A hipótese de balanço
A hipótese swing propõe que as junções entre o terceiro nucleotídeo do códon do RNA mensageiro e o primeiro nucleotídeo do anticódon do RNA de transferência são menos específicas do que as junções entre os outros dois nucleotídeos do tripleto.
Crick descreveu esse fenômeno como um "balanço" na terceira posição de cada códon. Algo acontece nessa posição que permite que as articulações sejam menos rígidas do que o normal. Também é conhecido como oscilação ou oscilação.
Esta hipótese de oscilação de Crick explica como o anticódon de um dado tRNA pode emparelhar com dois ou três códons de mRNA diferentes.
Crick propôs que, uma vez que o emparelhamento de bases (entre a base 59 do anticódon no tRNA e a base 39 do códon no mRNA) é menos rigoroso do que o normal, alguma "oscilação" ou afinidade reduzida é permitida neste local.
Como resultado, um único tRNA freqüentemente reconhece dois ou três dos códons relacionados que especificam um determinado aminoácido.
Normalmente, as ligações de hidrogênio entre as bases dos anticódons do tRNA e dos códons do mRNA seguem regras estritas de pareamento de bases apenas para as duas primeiras bases do códon. No entanto, este efeito não ocorre em todas as terceiras posições de todos os códons de mRNA.
RNA e aminoácidos
Com base na hipótese de oscilação, a existência de pelo menos dois RNAs de transferência foi prevista para cada aminoácido com códons exibindo degenerescência completa, o que se mostrou verdadeiro.

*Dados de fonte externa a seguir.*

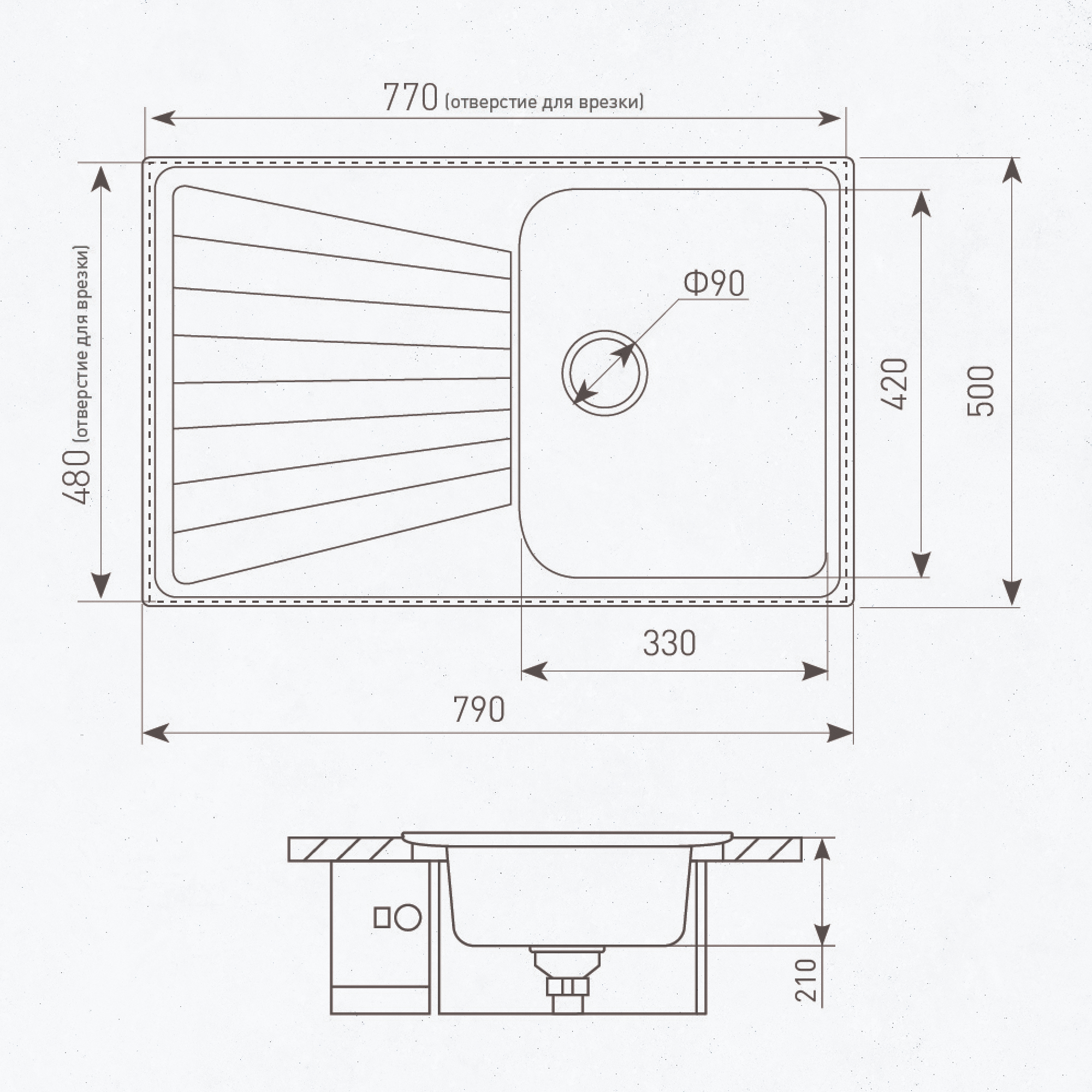 Просторная чаша и обширное крыло – вот основные преимущества гранитной мойки KLASSISCH 790. Ее габаритные размеры – 790*500 мм., при чаше глубиной в 19см. Классический вариант, не имеющий ничего лишнего. Чаша занимает примерно половину всей ширины раковины, а крыло свободно пристыковывается к поверхности столешницы. Если они имеют одинаковую фактуру и цвет, то не сразу можно разобрать, где кончается мойка и начинается рабочая часть стола, особенно если добавить к этому гармонично вписывающуюся в границы любой столешницы прямоугольную форму. Материал мойки – гранит. Специфические свойства поверхности придают раковине особую прочность и инертность к воздействию химических веществ различного происхождения.

Essa hipótese também previu o aparecimento de três RNAs de transferência para os seis códons de serina. Na verdade, três tRNAs foram caracterizados para serina:
- o tRNA para a serina 1 (anticódon AGG) se liga aos códons UCU e UCC.
- o tRNA para a serina 2 (anticódon AGU) se liga aos códons UCA e UCG.
- o tRNA da serina 3 (anticódon UCG) liga-se aos códons AGU e AGC.
Estas especificidades foram verificadas por ligação estimulada de trinucleotídeos aminoacil-tRNA purificados a ribossomos in vitro.
Finalmente, vários RNAs de transferência contêm a base inosina, que é feita a partir da purina hipoxantina. A inosina é produzida por uma modificação pós-transcricional da adenosina.
A hipótese de oscilação de Crick previu que, quando a inosina está presente na extremidade 5 'de um anticódon (a posição oscilante), ela emparelharia com uracila, citosina ou adenina no códon.
De fato, o alanil-tRNA purificado contendo inosina (I) na posição 5 'do anticódon se liga a ribossomos ativados com trinucleotídeos GCU, GCC ou GCA.
O mesmo resultado foi obtido com outros tRNAs purificados com inosina na posição 5 'do anticódon. Assim, a hipótese da oscilação de Crick explica muito bem as relações entre tRNAs e códons dado o código genético, que é degenerado, mas ordenado.
Referências
- Brooker, R. (2012).Conceitos de Genética (1ª ed.). The McGraw-Hill Companies, Inc.
- Brown, T. (2006). Genomes 3 (3rd) Garland Science.
- Griffiths, A., Wessler, S., Carroll, S. & Doebley, J. (2015).Introdução à Análise Genética(11ª ed.). W.H. Freeman
- Lewis, R. (2015).Genética Humana: Conceitos e Aplicações(11ª ed.). McGraw-Hill Education.
- Snustad, D. & Simmons, M. (2011).Princípios de Genética(6ª ed.). John Wiley and Sons.